Glossary

Definitions of the key terms used in Canadian leveraged investing and interest deductibility tracking. Each term links to the Learn page where it's explained in context.

Adjusted Cost Base (ACB)

The total cost of a security for tax purposes, including purchase price and adjustments for return of capital. Canada requires averaging across all units of the same security.

Average Daily Balance Method

The standard financial method used to allocate interest across a period where balances change. Each day's balance is weighted by its duration, then the total interest is distributed proportionally. Banks use this same approach for deposit accounts and credit lines. See How interest is time-weighted.

Borrowed Cash

Cash in your brokerage that came from borrowed funds and hasn't been invested yet. When margin debt is outstanding, the brokerage is generally in margin state rather than holding positive borrowed cash.

Borrowed Cost Base

The portion of a security's cost that was funded with borrowed money. Determines what portion of sale proceeds affects your debt ratio. See Selling holdings.

Brokerage Margin

Debt owed to your brokerage when transactions exceed available brokerage cash. Margin debt is tracked by purpose because interest may be deductible or non-deductible depending on how the borrowed funds were used. See Brokerage margin.

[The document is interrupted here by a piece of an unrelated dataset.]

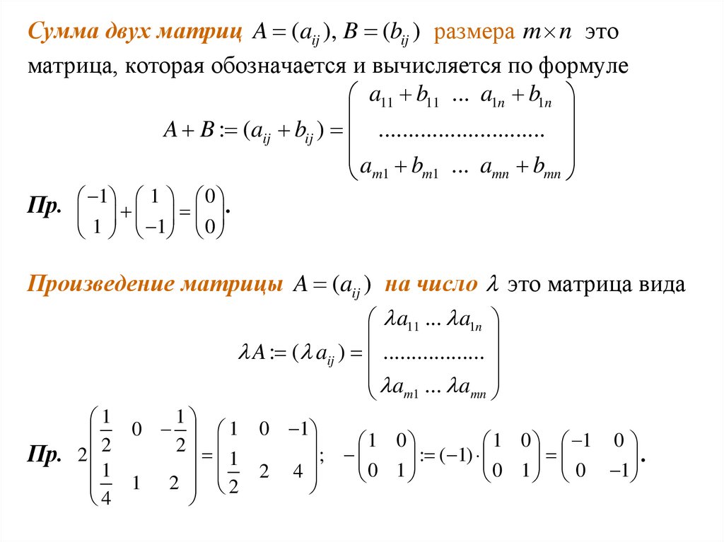 Сумма двух матриц A (aij ), B (bij ) размера m n этоматрица, которая обозначается и вычисляется по формуле
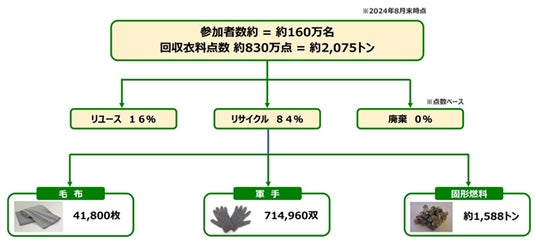 オンワードグループのサステナブル経営推進の一環として、ご愛用いただいた自社の衣料品を回収し、リユース・リサイクルを通じて、衣料品循環システムの構築を目指す取り組みです。2009年にスタートし、2024年度上期までで、累計約160万名のお客さまから約830万点の衣料品を回収しました。

Capitalized Deductible Interest

Principal created when you borrow to pay deductible interest charges. Interest on this principal is itself deductible. See Interest capitalization.

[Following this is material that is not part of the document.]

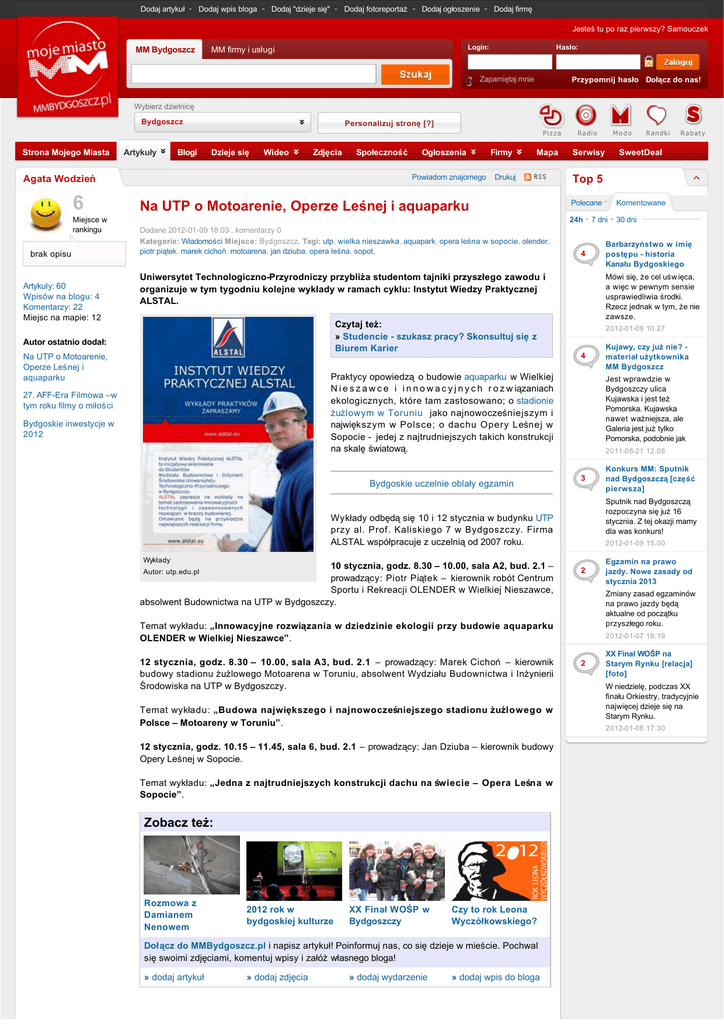Dodaj artykuł Dodaj wpis bloga Dodaj "dzieje się" Dodaj fotoreportaż Dodaj ogłoszenie Dodaj firmę Jesteś tu po raz pierwszy? Samouczek MM Bydgoszcz Login: MM firmy i usługi Hasło: b Zapamiętaj mnie c d e f g Przypomnij hasło Dołącz do nas! Wybierz dzielnicę Bydgoszcz Personalizuj stronę [?] Pizza Strona Mojego Miasta Artykuły Blogi Dzieje się Wideo Zdjęcia Miejsce w rankingu brak opisu Artykuły: 60 Wpisów na blogu: 4 Komentarzy: 22 Miejsc na mapie: 12 Ogłoszenia Powiadom znajomego Agata Wodzień 6 Społeczność Firmy Mapa Drukuj Na UTP o Motoarenie, Operze Leśnej i aquaparku Dodane 2012-01-09 18.03 , komentarzy 0 Kategorie: Wiadomości Miejsce: Bydgoszcz, Tagi: utp, wielka nieszawka, aquapark, opera leśna w sopocie, olender, piotr piątek, marek cichoń, motoarena, jan dziuba, opera leśna, sopot, Radio Serwisy Autor ostatnio dodał: Na UTP o Motoarenie, Operze Leśnej i aquaparku Bydgoskie inwestycje w 2012 Bydgoskie uczelnie oblały egzamin Polecane Komentowane 30 dni 4 4 Temat wykładu: „Budowa największego i najnowocześniejszego stadionu żużlowego w Polsce – Motoareny w Toruniu”. 12 stycznia, godz. 10.15 – 11.45, sala 6, bud. 2.1 – prowadzący: Jan Dziuba – kierownik budowy Opery Leśnej w Sopocie. Temat wykładu: „Jedna z najtrudniejszych konstrukcji dachu na świecie – Opera Leśna w Sopocie”. Zobacz też: Rozmowa z Damianem Nenowem 2012 rok w bydgoskiej kulturze XX Finał WOŚP w Bydgoszczy Czy to rok Leona Wyczółkowskiego? Dołącz do MMBydgoszcz.pl i napisz artykuł! Poinformuj nas, co się dzieje w mieście. Pochwal się swoimi zdjęciami, komentuj wpisy i załóż własnego bloga! » dodaj artykuł » dodaj zdjęcia » dodaj wydarzenie » dodaj wpis do bloga Kujawy, czy już nie? materiał użytkownika MM Bydgoszcz Jest wprawdzie w Bydgoszczy ulica Kujawska i jest też Pomorska. Kujawska nawet ważniejsza, ale Galeria jest już tylko Pomorska, podobnie jak 2011-08-21 12.08 3 Konkurs MM: Sputnik nad Bydgoszczą [część pierwsza] Sputnik nad Bydgoszczą rozpoczyna się już 16 stycznia. Z tej okazji mamy dla was konkurs! 2012-01-09 15.00 2 Egzamin na prawo jazdy. Nowe zasady od stycznia 2013 Zmiany zasad egzaminów na prawo jazdy będą aktualne od początku przyszłego roku. Temat wykładu: „Innowacyjne rozwiązania w dziedzinie ekologii przy budowie aquaparku OLENDER w Wielkiej Nieszawce”. 12 stycznia, godz. 8.30 – 10.00, sala A3, bud. 2.1 – prowadzący: Marek Cichoń – kierownik budowy stadionu żużlowego Motoarena w Toruniu, absolwent Wydziału Budownictwa i Inżynierii Środowiska na UTP w Bydgoszczy. Barbarzyństwo w imię postępu - historia Kanału Bydgoskiego 2012-01-09 10.27 Wykłady 10 stycznia, godz. 8.30 – 10.00, sala A2, bud. 2.1 – prowadzący: Piotr Piątek – kierownik robót Centrum Sportu i Rekreacji OLENDER w Wielkiej Nieszawce, absolwent Budownictwa na UTP w Bydgoszczy. 7 dni Mówi się, że cel uśw ięca, a więc w pewnym sensie usprawiedliwia środki. Rzecz jednak w tym, że nie zawsze. Wykłady odbędą się 10 i 12 stycznia w budynku UTP przy al. Prof. Kaliskiego 7 w Bydgoszczy. Firma ALSTAL współpracuje z uczelnią od 2007 roku. Autor: utp.edu.pl Rabaty SweetDeal 24h Praktycy opowiedzą o budowie aquaparku w Wielkiej N i e s z a w c e i i n n o w a c y j n y c h r o z w iązaniach ekologicznych, które tam zastosowano; o stadionie żużlowym w Toruniu jako najnowocześniejszym i największym w Polsce; o dachu Opery Leśnej w Sopocie - jedej z najtrudniejszych takich konstrukcji na skalę światową. 27. AFF-Era Filmowa –w tym roku filmy o miłości Randki Top 5 Uniwersytet Technologiczno-Przyrodniczy przybliża studentom tajniki przyszłego zawodu i organizuje w tym tygodniu kolejne wykłady w ramach cyklu: Instytut Wiedzy Praktycznej ALSTAL. Czytaj też: » Studencie - szukasz pracy? Skonsultuj się z Biurem Karier Modo 2012-01-07 18.19 2 XX Finał WOŚP na Starym Rynku [relacja] [foto] W niedzielę, podczas XX finału Orkiestry, tradycyjnie najwięcej dzieje się na Starym Rynku. 2012-01-08 17.30 Autor: Agata Wodzień zgłoś nadużycie Agata Wodzień Komentarze Nikt jeszcze nie skomentował tego artykułu. Bądź pierwszy! Dodaj swój komentarz: Wpisz tytuł: 5 Twój komentarz: 6 Autor: Dodaj komentarz Poniedziałek 2012-01-09 8° Lotto Imieniny: Weroniki, Juliana 3 Co się dzieje w mieście? Dodaj artykuł na MM Bydgoszcz. 6 10 16 32 38 online Kto mieszka w Mieście: Kobiety 51 % (1895) Łukasz Jędrzejczak - Redaktor dyżurny (opiekun dzielnicy) Mężczyźni 49 % (1792) Gadu-Gadu: 3045274 wiadomości: 18113 zdjęcia: 79845 imprezy: 622 blogi: 683 firmy: 604 Zobacz też: MM Polska Bydgoszcz Kraków Łódź Lublin Poznań Silesia Szczecin Trójmiasto Warszawa Artykuły Społeczność Firmy i usługi Wideo Inne O nas Wiadomości Lista mieszkańc ó w Rozrywka Wiadomości Mapa Kontakt Na sygnale Lista blogów Kultura Na sygnale Ogłoszenia O nas Sport Galerie użytkowników Zakupy Sport Serwisy specjalne Reklama Kultura Gastronomia Foto Patronaty medialne Foto Stacje benzynowe Wideo Linki Wideo Hotele Magazyn Regulamin Magazyn Zdrowie Biznes Biznes Urzędy, instytucje Kultura Wybory Turystyka MoDO Usługi Telefon: 782690550 Wrocła w Sport Inne Media Regionalne sp. z o. o. zastrzega, że dalsze rozpowszechnianie materiałów opublikowanych w portalu www.mmbydgoszcz.pl jest zabronione bez zachowania warunków korzystania z treści. Podstawa prawna: art. 25 ust. 1 pkt 1 b ustawy z dnia 4 lutego 1994 r. o prawie autorskim i prawach pokrewnych. Wszelkie prawa zastrzeżone. Media Regionalne sp. z o.o. w Warszawie. 2001-2009<!--[if !IE 6]--> <!--[endif]--> created by artegence

Capitalized Non-Deductible Interest

Principal created when you borrow to pay non-deductible interest charges. Interest on this principal remains non-deductible. Tracked within the non-deductible principal balance (not as a separate sub-balance).

Deductible Principal

Borrowed money currently tied to investments. Interest charged on this portion is tax-deductible. Includes invested principal and capitalized deductible interest.

Income Tax Folio S3-F6-C1

The CRA's comprehensive guidance on interest deductibility. The primary authority for the rules this app implements. Read the full folio on canada.ca. See CRA rules applied.

Interest Capitalization

Paying interest by borrowing more from your credit line. This is used when interest was added to the credit balance and you settle that outstanding interest by borrowing more from the same account. See Interest capitalization.

Invested Principal

Borrowed funds that have been deployed into securities. Interest charged on this portion is deductible because the funds are traceable to an investment purpose. See how balances are tracked.

Margin Interest

Interest charged by the brokerage on margin debt. The app splits it between deductible and non-deductible portions using margin-side balances, then adds it directly to margin debt. See Margin Interest Charge.

Margin State

A brokerage state where margin debt is outstanding. Incoming cash normally repays margin before becoming brokerage cash.

External Account

An external account (e.g. chequing or savings) where some lenders charge HELOC interest. The app tracks which external accounts are used. See Interest Charge.

Non-Deductible Principal

Borrowed money NOT tied to income-producing investments. Tracked as a single balance that includes idle borrowed cash, personal borrowing, and capitalized non-deductible interest. The app does not break this down further. Interest on this portion is not deductible.

Outstanding Interest

Interest charged by the lender but not yet paid. Not deductible until paid (cash-basis timing). Split into outstanding eligible and outstanding non-eligible based on the balance composition when charged. See how balances are tracked.

Personal Cash

Cash in your brokerage that is yours — dividends, gains, deposits. Not tied to borrowed funds and doesn't affect interest deductibility.

Personal Cost Base

The portion of a security's cost funded with your own money. Sale proceeds from this portion are yours to use freely.

Personal-Use Borrowing

Amounts borrowed for non-investment purposes. These are included in non-deductible principal. Interest on this portion is not deductible. See Mixed HELOC use.

Proportional Repayment

CRA rule (¶1.43): when you pay down a mixed credit balance, the payment is allocated proportionally between deductible and non-deductible portions. You cannot target the personal portion first. See Mixed HELOC use.

Return of Capital (RoC)

A distribution from a security that is not income — it's a return of your invested principal. Reduces your cost basis and can change your deductible debt ratio. See Return of Capital.

Refinancing

Replacing one lender's debt with another while preserving the debt's deductible or non-deductible character. For example, a credit advance can repay brokerage margin, or a brokerage-to-credit transfer in margin state can move debt from credit to margin.

Smith Manoeuvre

A Canadian strategy for converting non-deductible mortgage interest into deductible investment loan interest, typically using a readvanceable HELOC.

Superficial Loss Rule

A CRA rule that denies a capital loss when you sell a security and buy the same security back within 30 days before or after the sale (in any of your non-registered accounts, or by an affiliated person such as a spouse) and still hold it at the end of that window. The denied loss is added to the adjusted cost base of the repurchased shares, deferring it to a future sale. See Investment Sale.

Tracing Principle

The CRA's requirement that interest deductibility follows the current use of borrowed funds, not the original intent. You must trace each borrowed dollar to its use. See How interest deductibility works.